Patient and very flexible ISFPs follow the path of least resistance, rarely criticising the beliefs, actions or attitudes of others. This also means that they will not always stand against change but will instead internalise events and then accommodate for these events rather than trying to control or resist them. The desire for harmony at all costs also means that the ISFP may not voice their concerns, preferring to bottle up their feelings possibly for longer than is good for them. Their view is that to be forthcoming is to put your head above the parapet and the ISFP will not do that readily.
Focusing on the here and now, the ISFP will live life to the full, privately enjoying the present moment, and finding real pleasure in the more sensory and practical activities such as painting or handicrafts. Unlike the INFP who will be intensely future focused, the ISFP wants to remain in the concrete reality present until their need for experience is satiated and they move onto the next, new sensory experience. They need an inner balance, a kind of karma for their lives and this means keeping things as uncomplicated as possible. This need for balance and harmony may mean, however that the ISFP puts off a decision until the decision is made for them. Being so present-oriented they may neglect to plan or even try to glimpse into even the near future preferring to take life as it comes along. Planning and control are not for the ISFP, they much prefer to stay in the background doing the things they like, keeping a balance which also includes choosing to remain happily disorganised.

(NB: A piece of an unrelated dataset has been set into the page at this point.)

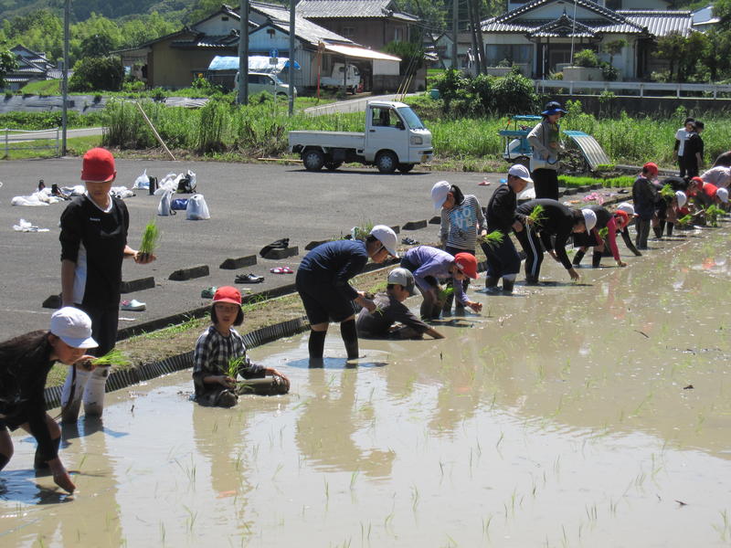 子ども達が楽しみにしていた田植え体験が行われ、大中さんのお手伝いの元、みんなで汗を流して田植えを行いました。真っ「直ぐ植えるのは難しい」「昔の人は大変だったな」子ども達の感想には様々な声がありました。保護者のみなさんにもお手伝いいただき大変助かりました。

The downside of this is that the ISFP can be overly laid back and, unless it is important to their values, have 'one speed,' with little acceleration. The ISFP wants, and needs, a cooperative environment, where harmony is a first principle, and confrontation is kept to a minimum. Incredibly perceptive, ISFPs are ahead of the game and are usually the first to tune into the ‘new wave.’ Many ISFPs throw themselves into new fashions, ‘avant garde’ experiences, 'hip' trends, some even setting these trends. Their natural impulse hankers after freedom, and they often push off when others least expect it. The ISFP who continually represses these impulses will lack energy and may eventually push off anyway, towards anything provided it is different. Formal education is difficult for the majority of ISFPs, they prefer experiential learning, at which many excel. ISFPs will practice playing an instrument or honing a favoured skill such as painting for hours on end, not so much as practice as for the sheer joy of the experience.
Often confused with the INFP, ISFPs are less dreamers and less future oriented than INFPs, preferring to live out their sensory experiences and make them happen in real time, rather than enjoying imagining them in the future. They will internalise their feelings so much that they will be difficult to know, although sometimes these feelings will leak out at inappropriate times. The ISFP often project their reactions to their feelings, rather than the feeling itself.